(Problem description)
In the records that follow, find the line containing "Finn ut når" and the line containing "Z turnaja vo Vyšnej Slanej", then transcribe both and every line between them exactly, omitting pictures.

(Data section)
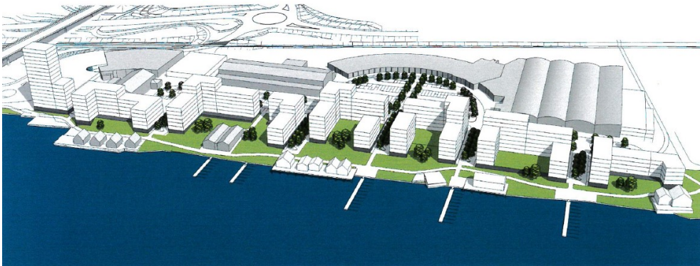
Volymstudie från ansökan.

Avgift för planbesked tas ut för stor åtgärd med 17 160 kr.
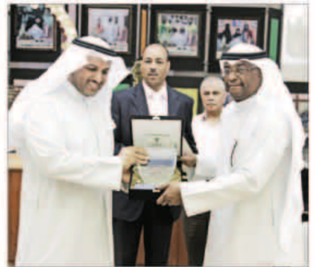
تكريم أحد المعلمين
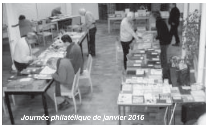
Journée philatélique de janvier 2016
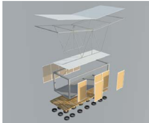
Figura 3. Prototipo 1. Desglose.

El desarrollo del prototipo inicial comienza revisando las condicionantes de diseño establecidas anteriormente según las investigaciones previas y el estudio de diferentes casos. De estas condicionantes y parámetros se realiza una jerarquización de las mismas para atenderlas de una mejor manera y facilitando además, el proceso de diseño, como se muestra en la figura 3.
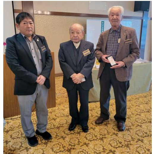
長寿会員記念品授与
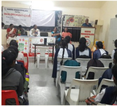
'Responsible Youth' Program organised by Equal Opportunity Centre
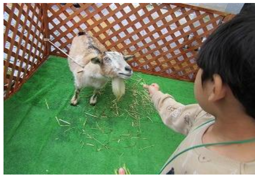
3/15 読書好きを育む環境づくり応援事業 おはなし会とふれあい動物園 【イヅカコミュニティセンター展示ホール】
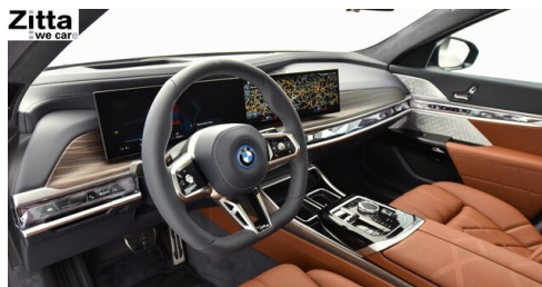
Zitta Betriebs GmbH - Perchtoldsdorf - www.zitta.at
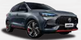
Xám Tro (Metal Ash)
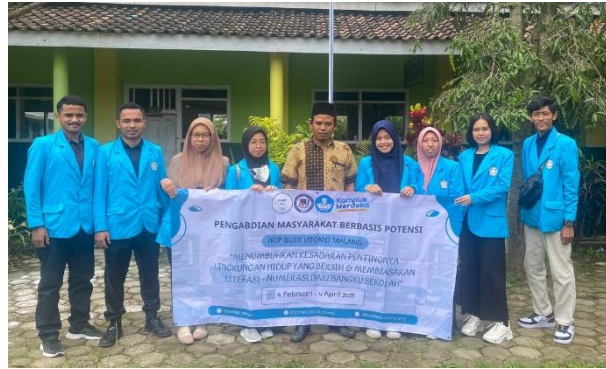
Gambar 2. Permohonan izin pengabdian
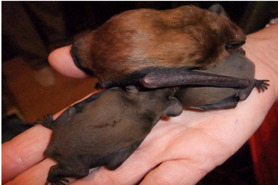
Abendseglerdame mit ihren Zwillingen

1.6.2010 Der Fototermin ist vorbei. Waren wir nicht Spitze?
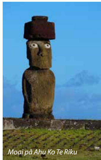
Moai på Ahu Ko Te Riku

Finn ut når radioskiftet skjer der du bor på www.medietilsynet.no/digital-radio . Der kan du blant annet få informasjon om dekning, mottak, DAB+ i bil og gjenvinning. Du kan også sende epost med spørsmål til digitalradio@medietilsynet.no .
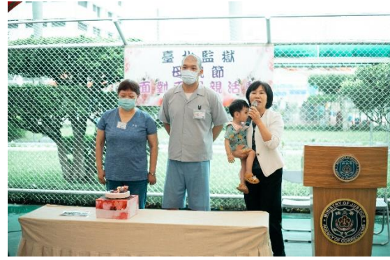
勉勵並肯定家庭支持親情力量
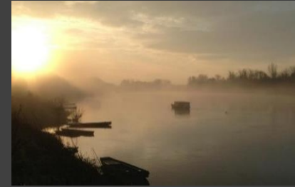
La Vienne - The Vienne River
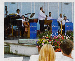
Oben: Das Kurorchester in Aktion Links: Der Rosengarten in voller Pracht

Stöcklin Katalog Im Programm neben Bad Wörishofen auch Abano-Montegrotto, Montecatini und Ischia. Fordern Sie den Stöcklin Katalog 2018 unverbindlich an!
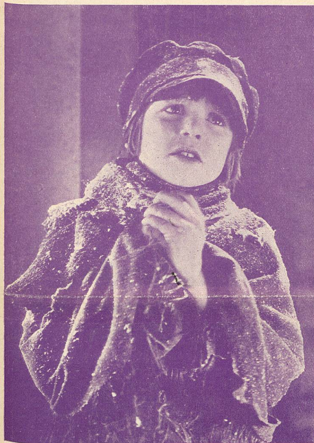
Une émouvante expression de JACKIE COOGAN dans le rôle de Nello .

tiré du célèbre roman de OUIDA A DOG OF FLANDERS adapté pour l'écran par Victor Schertzinger.
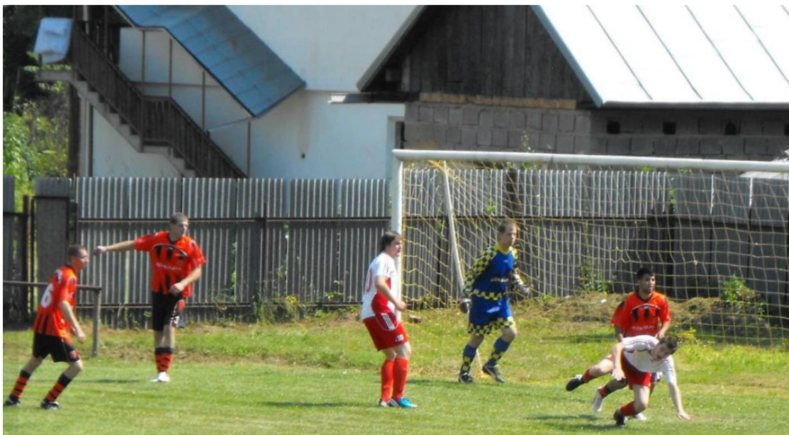
Z turnaja vo Vyšnej Slanej
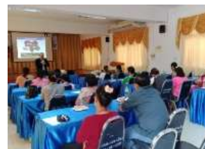
อบรมให้ความรู้เพิ่มศักยภาพในเรื่องสุขลักษณะของสถานที่เสสมอาหาร รวมถึงการขอรับใบอนุญาตประกอบการ การขอหนังสือรับรองการแจ้ง รวมถึงกฎหมายที่เกี่ยวข้อง
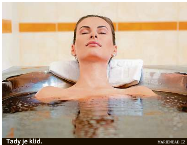
Tady je klid.

Nový bazén skýtá skvělé zázemí pro rehabilitační procedury a jistě bude i příjemným oživením wellness pobytů. Aby se zde návštěvníci cítili co nejlépe, došlo rovněž k proměně interiéru, který získal atraktivní a velmi zajímavý vzhled. Součástí zrekonstruovaného lázeňského centra Palladio je vedle nového bazénu také sauna, parní lázeň a whirlpool společně s relaxačními lehátky. Důležitá investice do z kvalitnější a zkrášlení prostředí hotelo-
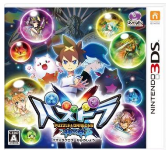
『パズドラクロス 神の章』 パッケージ画像
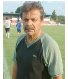
Copa Argentina: Gimnasia partió a Chaco con la formación confirmada
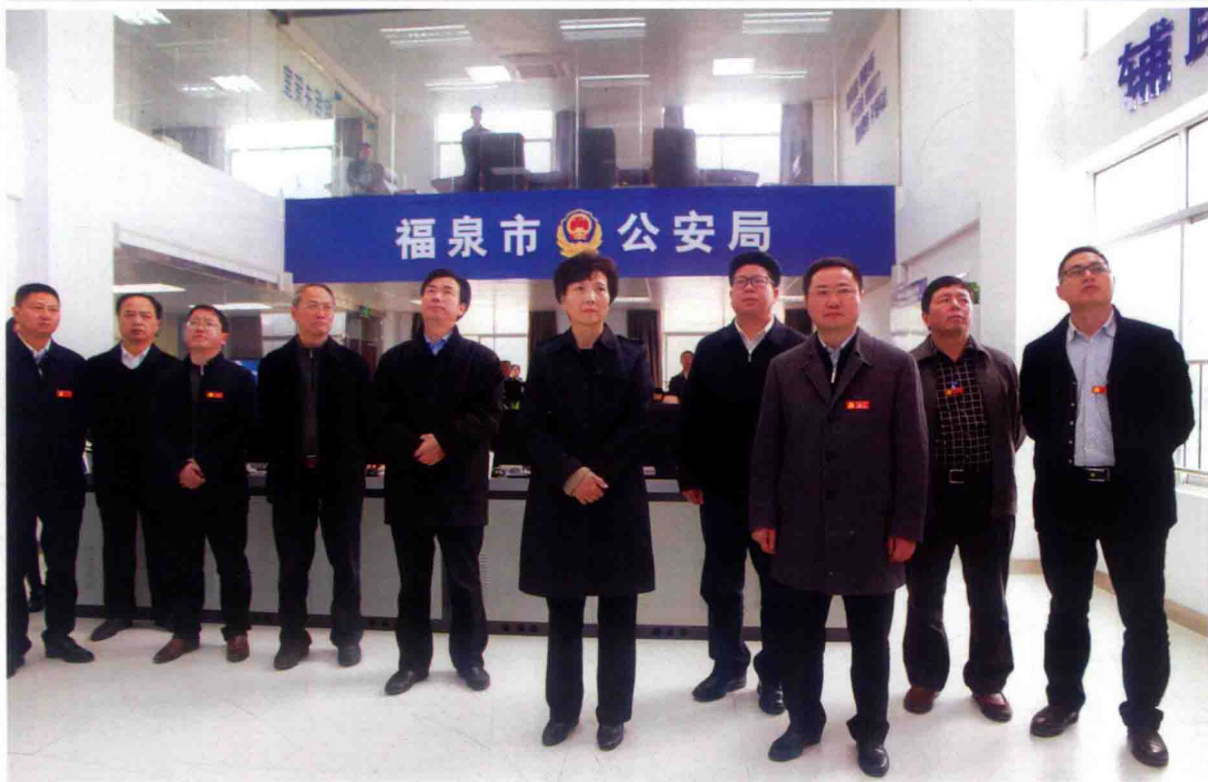
2016年3月15日，省委副书记、省委政法委书记谌贻琴（女）到福泉调研指导矛盾纠纷多元化解“福泉112”模式。
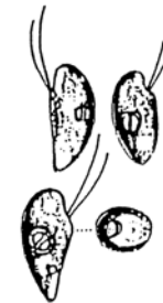
Rhodomonas sp. (ロドモナス) 褐色鞭毛藻綱

細胞は、長楕円形で長さが約 10\mu\text{m} と小型であり、葉緑体は少し赤みを帯びている。 2本の鞭毛を有する。
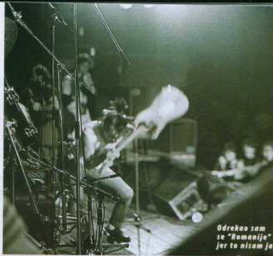
Odrekao sam se "Romanije" jer to nisam ja

- Dosta mi je njihove politike u kojoj oni mogu imati atomske bombe i svima prijetiti. Oni su,

(Expected answer)
Finn ut når radioskiftet skjer der du bor på www.medietilsynet.no/digital-radio . Der kan du blant annet få informasjon om dekning, mottak, DAB+ i bil og gjenvinning. Du kan også sende epost med spørsmål til digitalradio@medietilsynet.no .
勉勵並肯定家庭支持親情力量
La Vienne - The Vienne River
Oben: Das Kurorchester in Aktion Links: Der Rosengarten in voller Pracht

Stöcklin Katalog Im Programm neben Bad Wörishofen auch Abano-Montegrotto, Montecatini und Ischia. Fordern Sie den Stöcklin Katalog 2018 unverbindlich an!
Une émouvante expression de JACKIE COOGAN dans le rôle de Nello .

tiré du célèbre roman de OUIDA A DOG OF FLANDERS adapté pour l'écran par Victor Schertzinger.
Z turnaja vo Vyšnej Slanej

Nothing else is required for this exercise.